I just want to add, the wine cooler does not work. is this still possible?


----------



## wsamsky (Jun 1, 2010)

Shouldn't be a problem as long as the ambient temperature isnt to hot in your house. Its usually recommended to store smokes at 70 degrees.


----------



## Rock31 (Sep 30, 2010)

I have not plugged mine in, temp around the fridge is 65-67 right now.


----------



## timtaylor1986 (Oct 27, 2010)

Rock31 said:


> I have not plugged mine in, temp around the fridge is 65-67 right now.

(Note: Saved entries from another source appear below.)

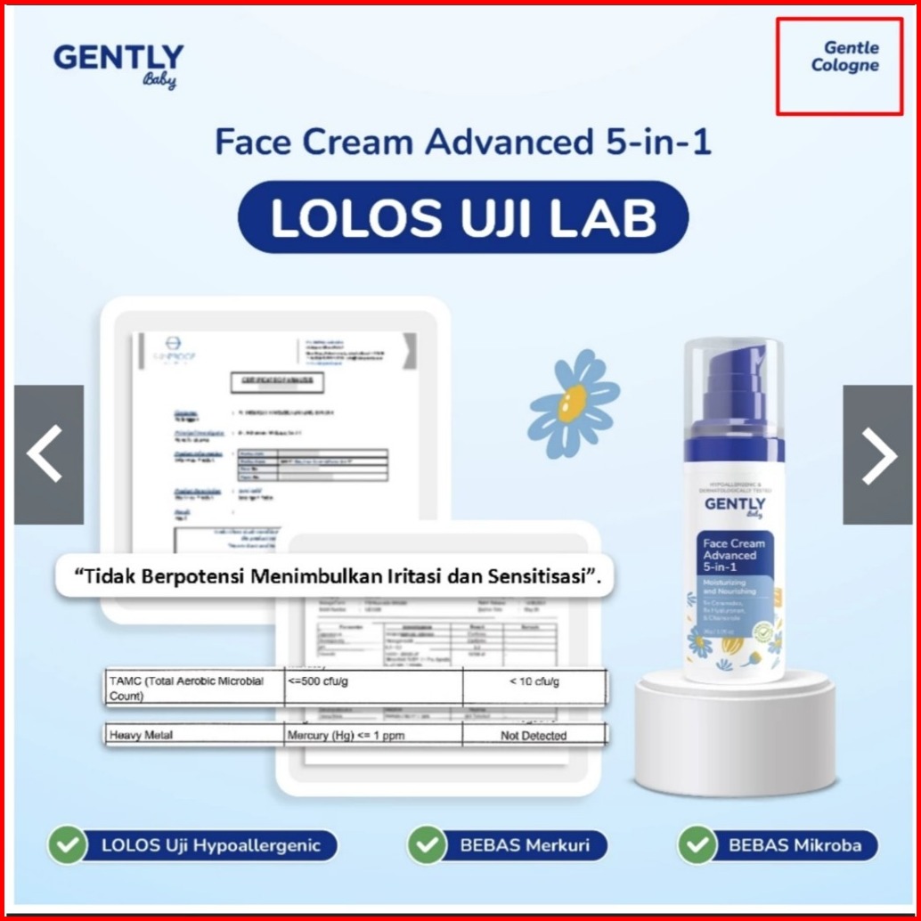Gently Baby Face Cream Advanced 5-in-1 Dengan 5x Ceramide Dan 8x Hyaluronan
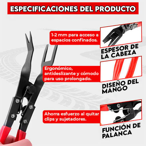 Puedes quitar grapas, pines, paneles de puertas y tableros sin dañar las piezas ni las superficies, con total control y precisión.
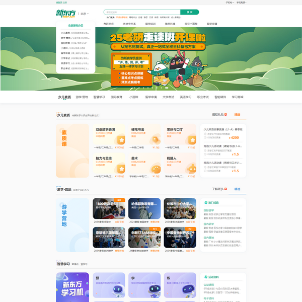 新東方官網(wǎng)為您提供新東方留學(xué)考試(雅思、托福、GRE、GMAT等)、大學(xué)考試(考研、四六級(jí)、專(zhuān)升本等)、青少年素質(zhì)教育(少兒編程、機(jī)器人、少兒美術(shù)、少兒科學(xué))、英語(yǔ)日語(yǔ)等語(yǔ)言類(lèi)教育培訓(xùn)、職業(yè)教育培訓(xùn)課程報(bào)名入口、報(bào)名咨詢(xún)電話(huà)、校區(qū)信息。同時(shí)提供智能學(xué)習(xí)服務(wù)、留學(xué)申請(qǐng)規(guī)劃、國(guó)內(nèi)國(guó)外游學(xué)研學(xué)及旅游服務(wù)。歡迎您到校參觀咨詢(xún)。
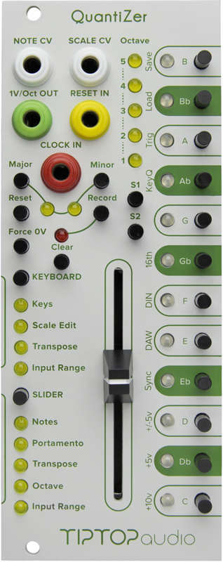 在前面板的功能由傳統 Quantizer 改造設計,可融入演奏內,使用上也相當直覺性;中央的推桿可以拿來做音符演奏、將輸入的序列加入滑音、或做不同的移調; 12 個音符鍵盤可自訂音符、增加或減少在音階上的音...,等量化音符的工作,並與其他模組同步。
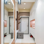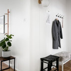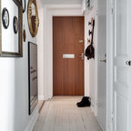 Design ideas for a small scandinavian entryway in Malmo with beige walls, medium hardwood floors and brown floor. — Houzz
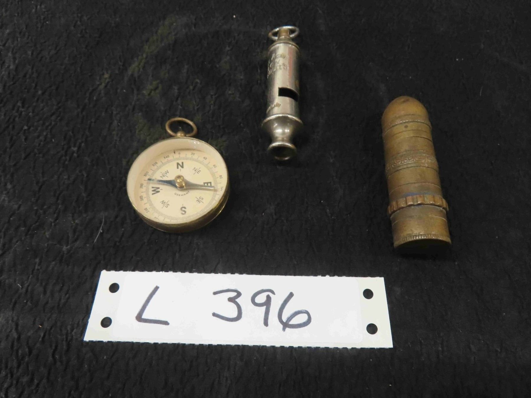 Vintage Bullet Lighter, Boy Scout Whistle, Compass

Thanks for the response ray. The fridge I am going to use, the compressor is out so I will not be plugging it in. Any advice? I will most likely keep it in my basement, the temp down there probably stays around 55-63 degrees during the winter. i am assuming in the closed fridge it will be about 65 degrees if not a little warm in it. how do you keep the humidity up and at what %? did you line yours with spanish cedar? thanks


----------



## wsamsky (Jun 1, 2010)

timtaylor1986 said:


> Thanks for the response ray. The fridge I am going to use, the compressor is out so I will not be plugging it in. Any advice? I will most likely keep it in my basement, the temp down there probably stays around 55-63 degrees during the winter. i am assuming in the closed fridge it will be about 65 degrees if not a little warm in it. how do you keep the humidity up and at what %? did you line yours with spanish cedar? thanks


Alot of people on this forum use heartfelt beads for humidification of their fridegdors and coolidors. They are low maintanence and hold rock solid humidity. I have not lined mine with cedar but do have some cedar blocks in their.


----------